Trump defended his decision Saturday to order the troop withdrawal, tweeting, “Now ISIS is largely defeated and other local countries, including Turkey, should be able to easily take care of whatever remains. We’re coming home!”
The withdrawal decision will fulfill Trump’s goal of bringing troops home from Syria, but military leaders have pushed back for months, arguing that the IS group remains a threat and could regroup in Syria’s long-running civil war. U.S. policy has been to keep troops in place until the extremists are eradicated.

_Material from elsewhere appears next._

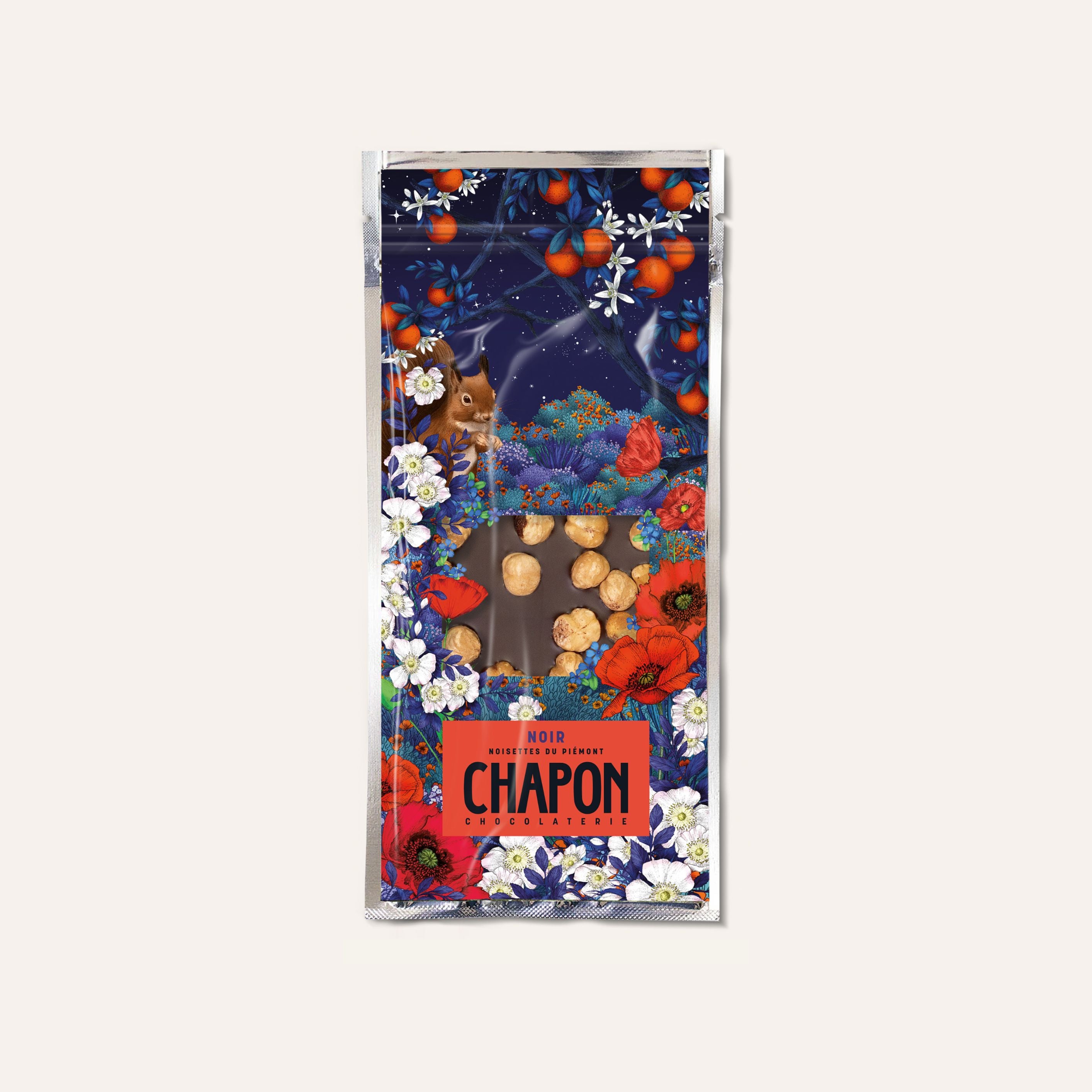 Un chocolat légèrement acidulé, mêlant des notes de vin rouge et de balsamique que le croquant des noisettes du Piémont rend délicieusement gourmand.
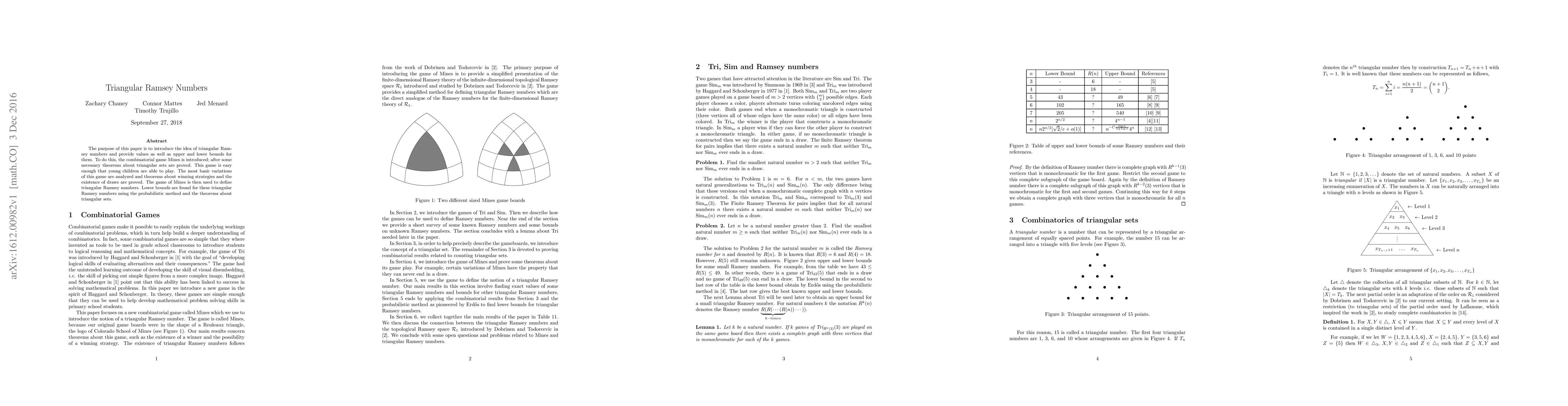 The purpose of this paper is to introduce the idea of triangular Ramsey numbers and provide values as well as upper and lower bounds for them. To do this, the combinatorial game Mines is introduced; after some necessary theorems about triangular sets are proved. This game is easy enough that young children are able to play. The most basic variations of this game are analyzed and theorems about winning strategies and the existence of draws are proved. The game of Mines is then used to define triangular Ramsey numbers. Lower bounds are found for these triangular Ramsey numbers using the probabilistic method and the theorems about triangular sets.

Among officials’ key concerns is that a U.S. pullout will leave U.S.-backed Syrian Democratic Forces vulnerable to attacks by Turkey, the Syrian government and remaining IS fighters. The SDF, a Kurdish-led force, is America’s only military partner in Syria
A second official said McGurk on Friday was pushing for the U.S. to allow the SDF to reach out to troops allied with Syrian President Bashar Assad’s government for protection. McGurk argued that America had a moral obligation to help prevent the allied fighters from being slaughtered by Turkey, which considers the SDF an enemy.
McGurk said at a State Department briefing on Dec. 11 that “it would be reckless if we were just to say, ‘Well, the physical caliphate is defeated, so we can just leave now.’ I think anyone who’s looked at a conflict like this would agree with that.”
A week before that, Gen. Joseph Dunford, chairman of the Joint Chiefs of Staff, said the U.S. had a long way to go in training local Syrian forces to prevent a resurgence of IS and stabilize Syria. He said it would take 35,000 to 40,000 local troops in northeastern Syria to maintain security over the long term, but only about 20 percent of that number had been trained.
McGurk, 45, previously served as a deputy assistant secretary of state for Iraq and Iran, and during the negotiations for the landmark Iran nuclear deal by the Obama administration, led secret side talks with Tehran on the release of Americans imprisoned there.
McGurk, was briefly considered for the post of ambassador to Iraq after having served as a senior official covering Iraq and Afghanistan during President George W. Bush’s administration.
A former Supreme Court law clerk to the late Chief Justice William Rehnquist, McGurk worked as a lawyer for the Coalition Provisional Authority in Iraq after the 2003 U.S.-led invasion and joined Bush’s National Security Council staff, where in 2007 and 2008, he was the lead U.S. negotiator on security agreements with Iraq.
Taking over for now for McGurk will be his deputy, retired Lt. Gen. Terry Wolff, who served three tours of active duty in Iraq.
Jim Jeffrey, a veteran diplomat who was appointed special representative for Syria engagement in August, is expected to stay in his position, officials said.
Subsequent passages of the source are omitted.